What is your trading style?

What is your trading style?

Trading styles
Photo by @Korneevamaha


Every trader is different. We have different personalities and react in different ways to each type of circumstance. It’s therefore important to understand what style of trading you should be used when trading the financial markets.

Why your trading style is important

How you trade will reflect your personality and how you react in certain circumstances. Beginner traders will often experiment with how they want to trade, they’ll test each style of trading to find which suits them best.

They’ll also use experienced traders and copy their styles to see if it suits them. Copying other traders and testing is a good idea but simply relying on a professional’s strategy might prove not to work because their personality will be different to yours.

By all means, give it a go, and if you like it, adapt it to you and your style but replicating it exactly does not mean you will see the same returns as that trader.

What are the trading styles?

So, what are the trading styles you should be using? There are four main styles of trading, which span over different time frames; scalping, day trading, swing trading, position trading.


Scalping is the shortest style of trading and will see you holding a position normally for no longer than 30 minutes. And in fact, you would normally hold the position for a matter of seconds or a few minutes.

It requires you to actively analyse the markets and watch for any opportunity. Due to the short nature of the trades, you can take up to 100 in a single day.
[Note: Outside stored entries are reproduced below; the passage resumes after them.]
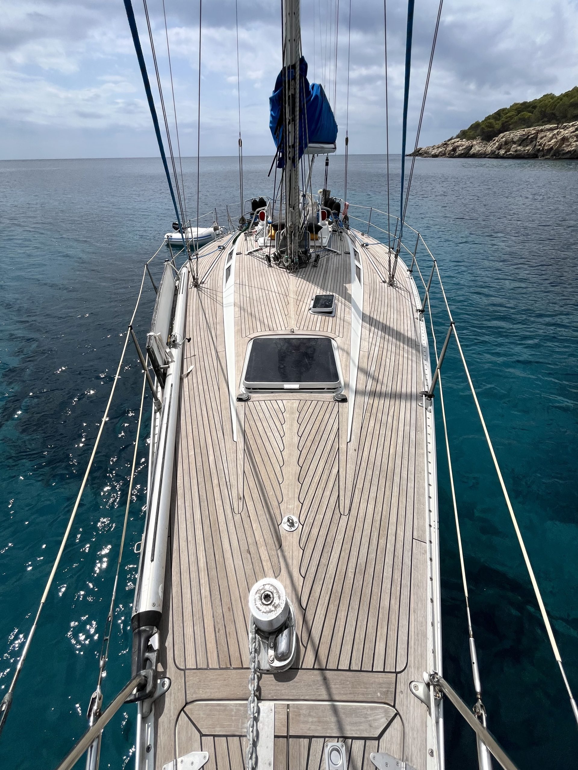 Todas nuestras experiencias en el mar tienen lugar a bordo de Ta keer, un velero Sweden Yachts C41 de líneas clásicas, elegantes y seguras. Es un barco con carácter, construido para cruzar océanos, lo que lo hace especialmente estable y fiable para navegar. Ta keer está completamente equipado para ofrecer comodidad durante toda la travesía. Su casco blanco con líneas azuladas y negras le dan una presencia sobria y distinguida en el agua. La cubierta es de teka, amplia y confortable, ideal para tumbarse, tomar el sol, leer o simplemente dejarse abrazar por el mar. En la popa, una bañera ancha y protegida crea un espacio perfecto para desayunar, comer, descansar y disfrutar del paisaje con calma.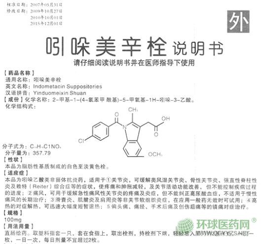 湖北東信靜青吲哚美辛栓說明書文字版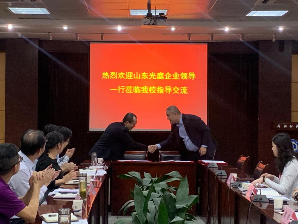 冯军对山东光庭信息技术有限公司领导一行来校调研表示热烈欢迎,并介绍了学校发展历程和科研现状。他强调,武汉纺织大学历来重视科技成果转化,山东光庭信息技术有限公司与我校前期在研发、人才等方面有较多合作,希望通过双方进一步拓宽合作领域,发挥学校在智能装备研究的力量,同时也结合在学校在纺织服装等学科的特色。在智能感知技术的产品研发和产品推广方面探索出一条发展路径,实现双赢。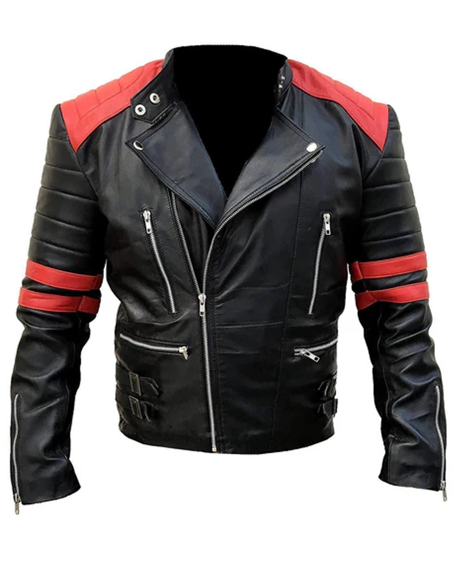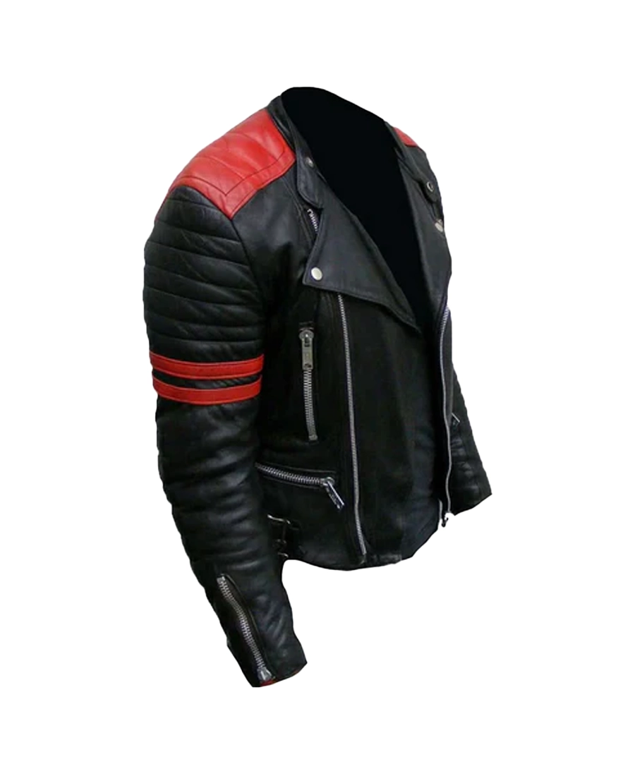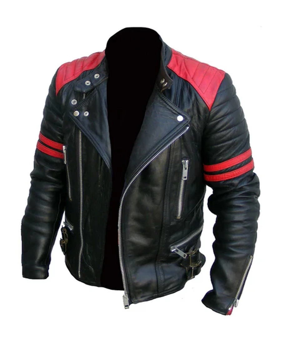 Shop The Men’s Vintage Brando Red Strip Black Leather Jacket

This will depend on your strategies but it’s common to take lots of trades.

Scalpers will often trade close to high impact news because this is where the markets become volatile and where the traders can easily grab some short, fast moves.

The issue with scalping is normally related to the spread, it’s important you know how much your spread is when taking a trade because, with a higher volume of trades, you will be paying a higher number of spreads.

Is scalping for you?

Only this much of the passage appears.